Devices implementing methods according to these disclosures can comprise hardware, firmware and/or software, and can take any of a variety of form factors. Typical examples of such form factors include servers, laptops, smartphones, small form factor personal computers, personal digital assistants, and so on. The functionality described herein also can be embodied in peripherals or add-in cards. Such functionality can also be implemented on a circuit board among different chips or different processes executing in a single device, by way of further example.
The instructions, media for conveying such instructions, computing resources for executing them, and other structures for supporting such computing resources are means for providing the functions described in these disclosures.
For clarity of explanation, in some instances the present technology may be presented as including individual functional blocks including functional blocks comprising devices, device components, steps or methods in a method embodied in software, or combinations of hardware and software.
Any of the steps, operations, functions, or processes described herein may be performed or implemented by a combination of hardware and software services or services, alone or in combination with other devices. In some embodiments, a service can be software that resides in memory of a client device and/or one or more servers of a content management system and perform one or more functions when a processor executes the software associated with the service. In some embodiments, a service is a program, or a collection of programs that carry out a specific function. In some embodiments, a service can be considered a server. The memory can be a non-transitory computer-readable medium.
In some embodiments the computer-readable storage devices, mediums, and memories can include a cable or wireless signal containing a bit stream and the like. However, when mentioned, non-transitory computer-readable storage media expressly exclude media such as energy, carrier signals, electromagnetic waves, and signals per se.
Although a variety of examples and other information was used to explain aspects within the scope of the appended claims, no limitation of the claims should be implied based on particular features or arrangements in such examples, as one of ordinary skill would be able to use these examples to derive a wide variety of implementations. Further and although some subject matter may have been described in language specific to examples of structural features and/or method steps, it is to be understood that the subject matter defined in the appended claims is not necessarily limited to these described features or acts. For example, such functionality can be distributed differently or performed in components other than those identified herein. Rather, the described features and steps are disclosed as examples of components of systems and methods within the scope of the appended claims.
Aspect 1. A method of over-provisioning a storage drive, the method comprising: receiving a request for a service that uses a storage drive to provide the service; determining, using a first model, a predicted write profile for the service, the first model being based on historical data; determining an amount of over-provisioning based on the predicted write profile; initializing the storage drive to operate using the amount of over-provisioning; and causing the storage drive to perform the service using the amount of over-provisioning.
Aspect 2. The method of aspect 1, the method further comprising: obtaining the historical data associating respective services with corresponding write profiles, wherein for each of the corresponding write profiles, a write profile includes a frequency of host writes of an associated service; and training the first model to predict write profiles for services based on descriptions of the services, wherein the first model is a machine learning model.

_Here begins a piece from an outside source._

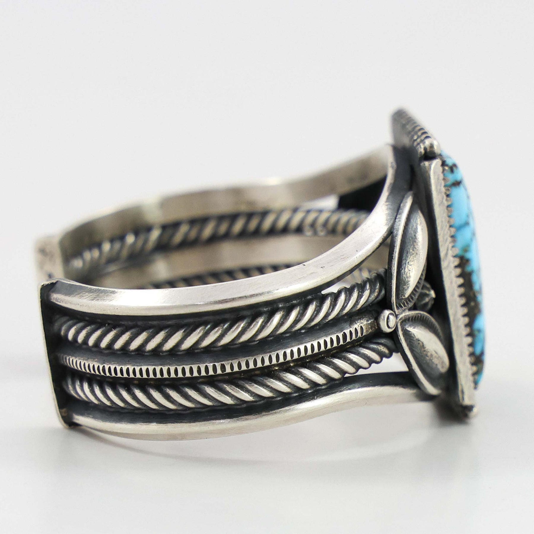 Sterling Silver Cuff Bracelet with Twisted Rope Designs and set with Natural Kingman Turquoise from Arizona.

Aspect 3. The method of aspect 1 or aspect 2, wherein determining the amount of over-provisioning includes selecting the amount of over-provisioning based on: a scheduled replacement date for the storage drive, a first tradeoff between write amplification and available storage space on the storage drive, a second tradeoff between write performance and the available storage space on the storage drive, or a third tradeoff between endurance of the storage drive and the available storage space on the storage drive.

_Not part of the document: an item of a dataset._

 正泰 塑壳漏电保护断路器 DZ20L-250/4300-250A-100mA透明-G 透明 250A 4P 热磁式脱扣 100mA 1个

Aspect 4. The method of any of aspect 1 through aspect 3, wherein determining the amount of over-provisioning is based on the predicted write profile and one or more attributes of the storage drive.
Aspect 5. The method of aspect 4, wherein the one or more attributes of the storage drive include an endurance specification, and determining the amount of over-provisioning includes estimating write-amplification amounts corresponding to respective over-provisioning amounts and selecting the amount of over-provisioning using a comparison of the predicted write profile and the write-amplification amounts to the endurance specification.

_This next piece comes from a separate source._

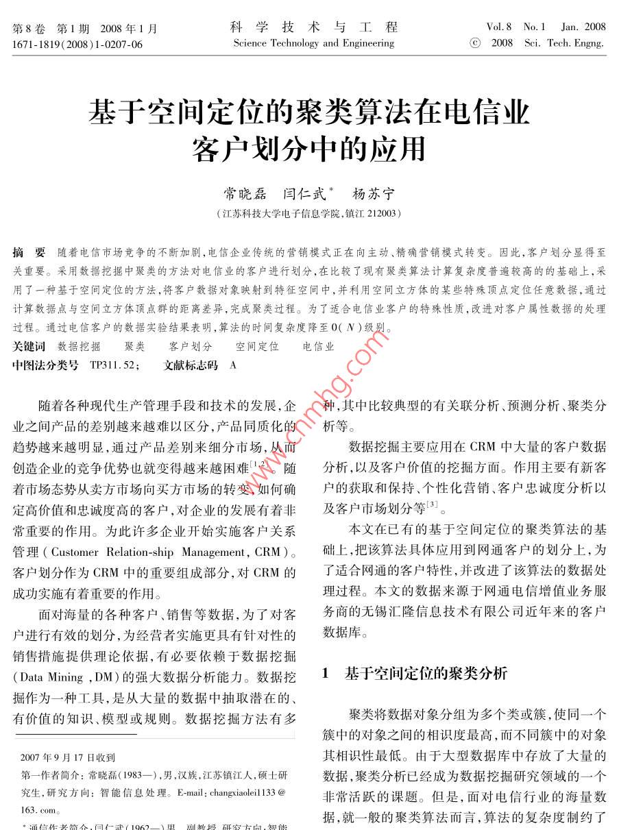 基于空问定位的聚类算法在电信业客户划分中的应用

Aspect 6. The method of aspect 4, wherein the one or more attributes of the storage drive including at least one of (1) bytes written to the storage drive, (2) percentage used of the storage drive, (3) power on hours of the storage drive, (4) a model of the storage drive, or (5) drive writes per day of the storage drive and determining the amount of over-provisioning includes analyzing the predicted write profile together with the one or more attributes of the storage drive.
Aspect 7. The method of any of aspect 1 through aspect 6, further comprising: monitoring whether a measured write profile of the service deviates from the predicted write profile by more than a predefined threshold; determining an updated amount of over-provisioning using the measured write profile; initializing another storage drive to operate using the updated amount of over-provisioning; moving the service to the other storage drive; and causing the other storage drive to execute the service using the updated amount of overprovisioning.
Aspect 8. The method of any of aspect 1 through aspect 7, wherein: the amount of over-provisioning is determined based on a specified endurance rating of the storage drive, and the method further comprises: monitoring whether the storage drive, when performing the service, deviates from the specified endurance rating; and dynamically adjusting the amount of overprovisioning when the storage drive deviates from the specified endurance rating.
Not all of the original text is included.